Sie ließ die leere Tasche des fremden Mädchens zurück, als wäre sie ausgeraubt. Sie rannte durch den Hof, die Schuhe drückten, die Geschäfte waren noch geschlossen, es war zu früh für ein Taxi. Kein Auto mit Schachbrettmuster zu sehen, aber ein Troleybus hielt.
Vielleicht muss ich umsteigen, aber ich komme zum Käfer meines Opas, dachte sie.
***
Annika ging selten ins Büro, doch heute hatte sie Glück. Die alte Sicherheitskraft erinnerte sich an die Tochter des Chefs und ließ sie durch. Sie zeigte die Papiere für das Auto.
Kein Problem, Mädel. Warum brauchst du den alten Käfer? Ruf deinen Vater, er besorgt dir ein schönes Fahrzeug.
Nein, danke. Ich will den Käfer.
Alles klar, hier sind die Schlüssel.
Er griff nach dem Automaten und schenkte ihr einen Milchshake. Die Milch, gemischt mit dem Pulver Schalte das Gehirn ein, schmeckte nach Kakao. Sie kaufte robuste Winterschuhe und eine günstige, aber solide Jacke, steckte das Geld aus dem Handschuhfach in den Ordner.
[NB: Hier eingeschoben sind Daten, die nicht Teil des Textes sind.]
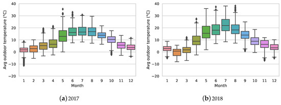 In this study, we only assess the substations’ behaviour while space heating is needed. Figure 1 shows the yearly seasonality of the outdoor temperature recorded for one building in two consecutive years. As one can see in Figure 1, the average outdoor temperature in 2017 during January–April and November–December is below 10 °C. The heating season in 2018 mainly includes January–April and October–December.

Dank dir, Oma, flüsterte sie, während sie den Käfer aus der Werkstatt fuhr. Das Fahrzeug war überraschend bequem, als hätte ihr Großvater die Sitze neu gepolstert.
Sie winkte dem Mechaniker, fuhr um die Ecke und gelangte auf die Autobahn, die bereits von unterschiedlichsten Fahrzeugen wimmelte.
Siehst du die Schilder oben? rief die Stimme der Oma in ihrem Kopf.
Ja, lächelte Annika.
Biege nach links nach Sondershausen, dann weiter nach Sering, dort findest du das, was du suchst. Gute Fahrt, Kind.
Auf dem Rücksitz saß ihre Großmutter, genau so, wie Annika sie in Erinnerung hatte: fröhlich, rothaarig, immer mit einem pfeffrigen Schal um den Hals.